→ Required work: Your answer should contain only the lines from the top of the data below down through the one with "for enhancing cocktails.", transcribed exactly and without pictures; please include nothing more.

→ Data:
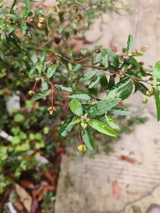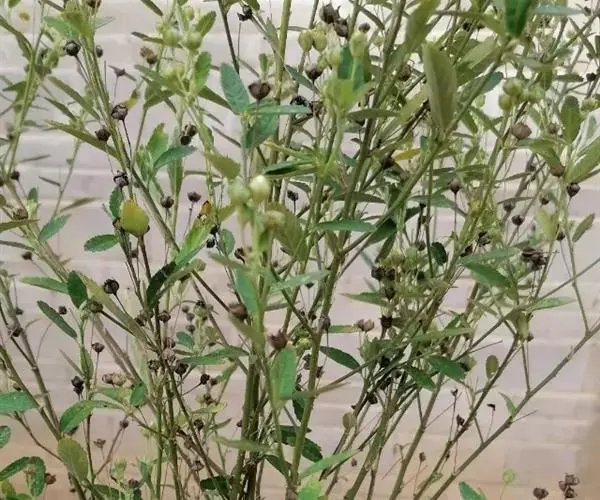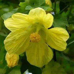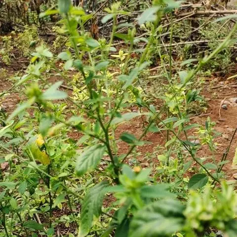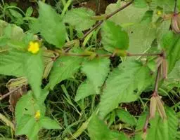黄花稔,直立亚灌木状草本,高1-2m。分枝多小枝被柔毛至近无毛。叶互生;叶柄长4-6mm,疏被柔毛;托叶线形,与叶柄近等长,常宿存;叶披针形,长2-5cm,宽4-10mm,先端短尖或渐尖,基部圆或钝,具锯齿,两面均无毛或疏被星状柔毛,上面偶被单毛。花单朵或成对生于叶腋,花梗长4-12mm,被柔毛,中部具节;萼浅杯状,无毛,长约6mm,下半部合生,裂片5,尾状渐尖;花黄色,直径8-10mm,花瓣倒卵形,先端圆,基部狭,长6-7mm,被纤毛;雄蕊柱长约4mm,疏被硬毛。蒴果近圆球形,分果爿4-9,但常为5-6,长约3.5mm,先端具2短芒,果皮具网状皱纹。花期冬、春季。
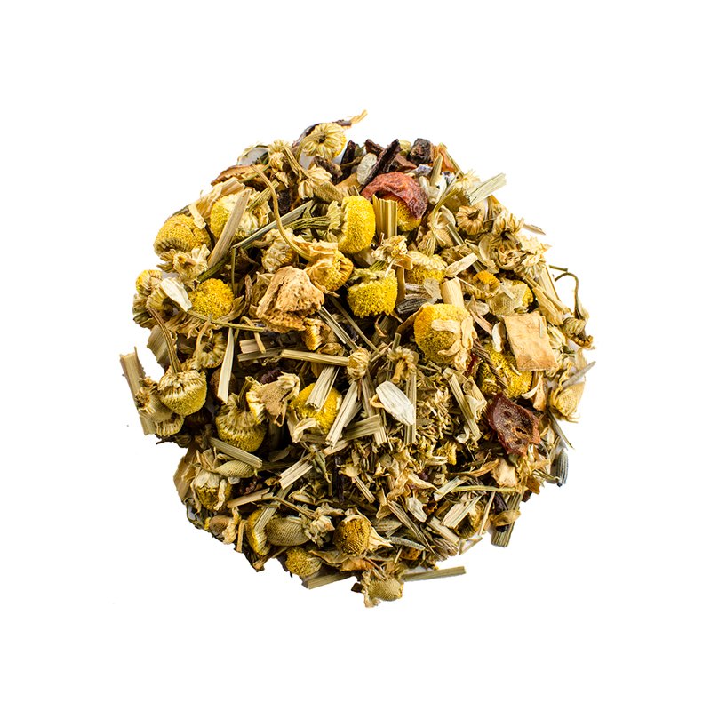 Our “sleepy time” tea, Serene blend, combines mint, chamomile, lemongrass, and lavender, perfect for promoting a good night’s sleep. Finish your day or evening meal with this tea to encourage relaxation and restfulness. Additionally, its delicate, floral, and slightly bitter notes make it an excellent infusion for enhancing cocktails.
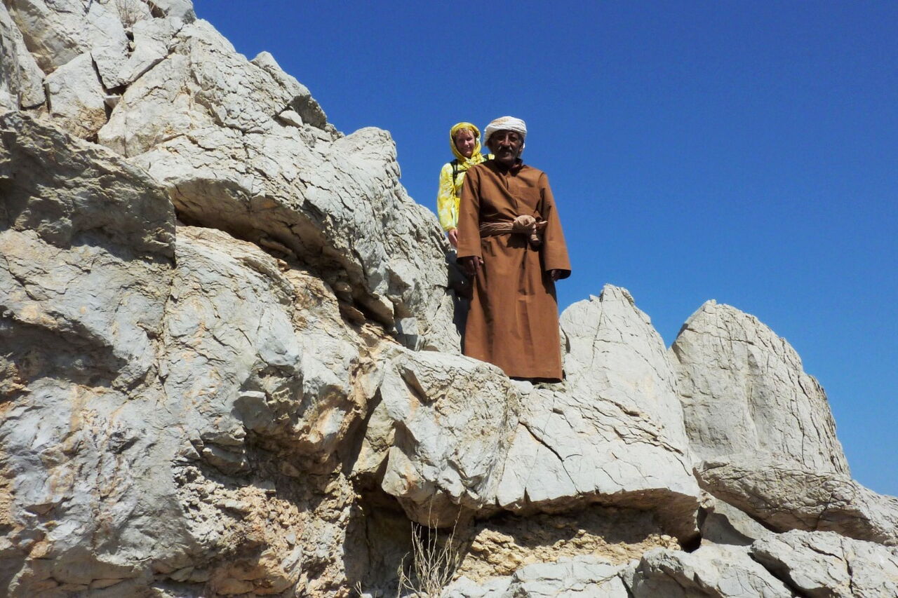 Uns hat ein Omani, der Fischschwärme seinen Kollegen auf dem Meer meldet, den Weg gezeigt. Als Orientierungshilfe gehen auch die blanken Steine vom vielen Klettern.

→ Task answer:
黄花稔,直立亚灌木状草本,高1-2m。分枝多小枝被柔毛至近无毛。叶互生;叶柄长4-6mm,疏被柔毛;托叶线形,与叶柄近等长,常宿存;叶披针形,长2-5cm,宽4-10mm,先端短尖或渐尖,基部圆或钝,具锯齿,两面均无毛或疏被星状柔毛,上面偶被单毛。花单朵或成对生于叶腋,花梗长4-12mm,被柔毛,中部具节;萼浅杯状,无毛,长约6mm,下半部合生,裂片5,尾状渐尖;花黄色,直径8-10mm,花瓣倒卵形,先端圆,基部狭,长6-7mm,被纤毛;雄蕊柱长约4mm,疏被硬毛。蒴果近圆球形,分果爿4-9,但常为5-6,长约3.5mm,先端具2短芒,果皮具网状皱纹。花期冬、春季。
 Our “sleepy time” tea, Serene blend, combines mint, chamomile, lemongrass, and lavender, perfect for promoting a good night’s sleep. Finish your day or evening meal with this tea to encourage relaxation and restfulness. Additionally, its delicate, floral, and slightly bitter notes make it an excellent infusion for enhancing cocktails.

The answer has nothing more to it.